Could the data below be retyped exactly, without its pictures?

== Information provided ==

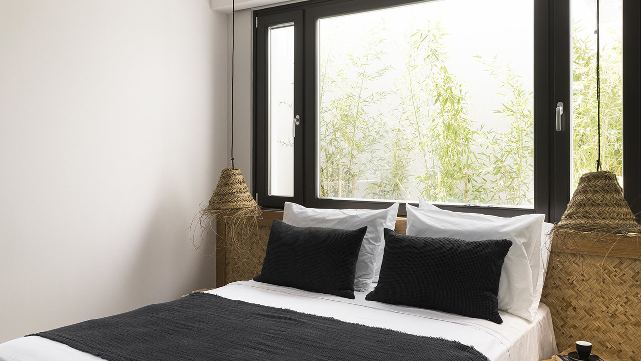 • 1 en suite double bedroom with sea view, queen bed and double rain showers/sinks (opens to the fire pit terrace)
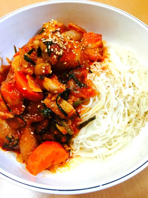 클래식을 두병이나 먹었음에도 1인 1닭을 실천하지 못한죄로 다음날 남은 양념을 박박 긁어서 소면을 비벼 해장을 함으로서 치느님께 사죄를 하였습니다.
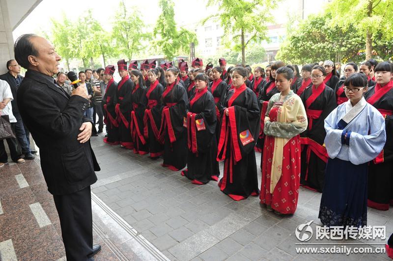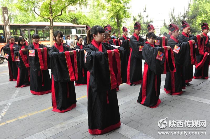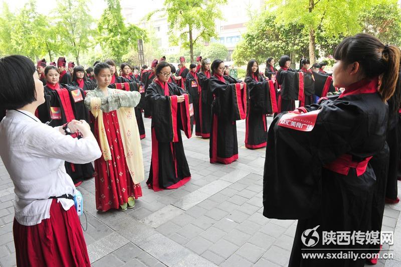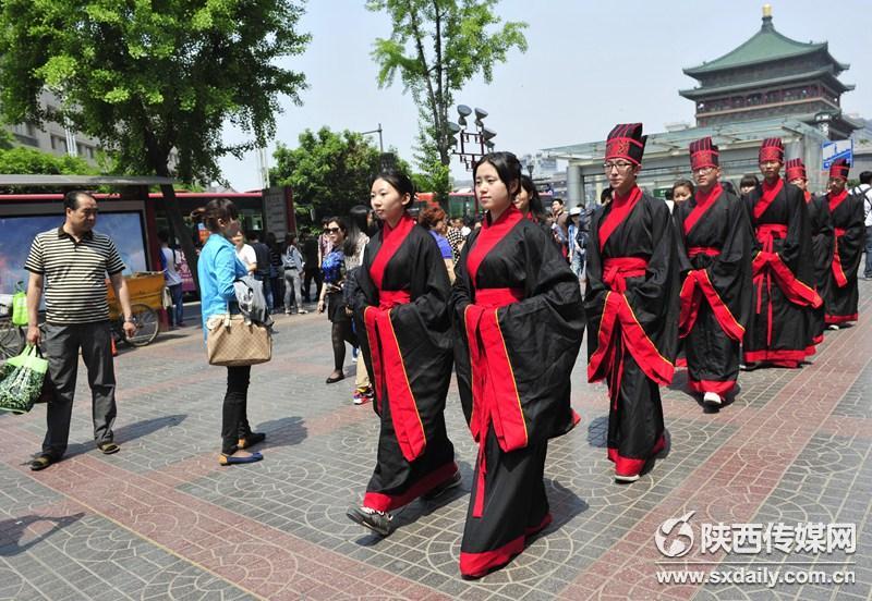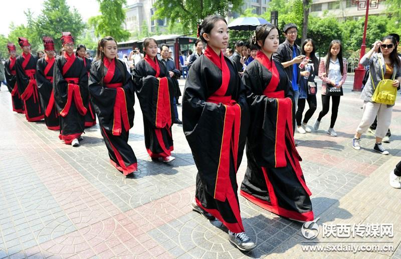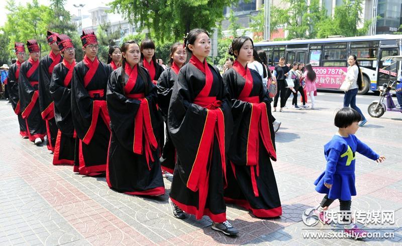 活动现场,身穿汉服的学子们吸引了过往行人的目光,他们纷纷试穿汉服合影留念,并向现场的国学老师了解汉代传统礼仪,孩子们也被这些传统服饰吸引,跟着展示队伍一起学习古人行走的姿态。记者 李向红 袁景智 王瑛摄

===

*Result of this exercise*
 • 1 en suite double bedroom with sea view, queen bed and double rain showers/sinks (opens to the fire pit terrace)
 클래식을 두병이나 먹었음에도 1인 1닭을 실천하지 못한죄로 다음날 남은 양념을 박박 긁어서 소면을 비벼 해장을 함으로서 치느님께 사죄를 하였습니다.
 活动现场,身穿汉服的学子们吸引了过往行人的目光,他们纷纷试穿汉服合影留念,并向现场的国学老师了解汉代传统礼仪,孩子们也被这些传统服饰吸引,跟着展示队伍一起学习古人行走的姿态。记者 李向红 袁景智 王瑛摄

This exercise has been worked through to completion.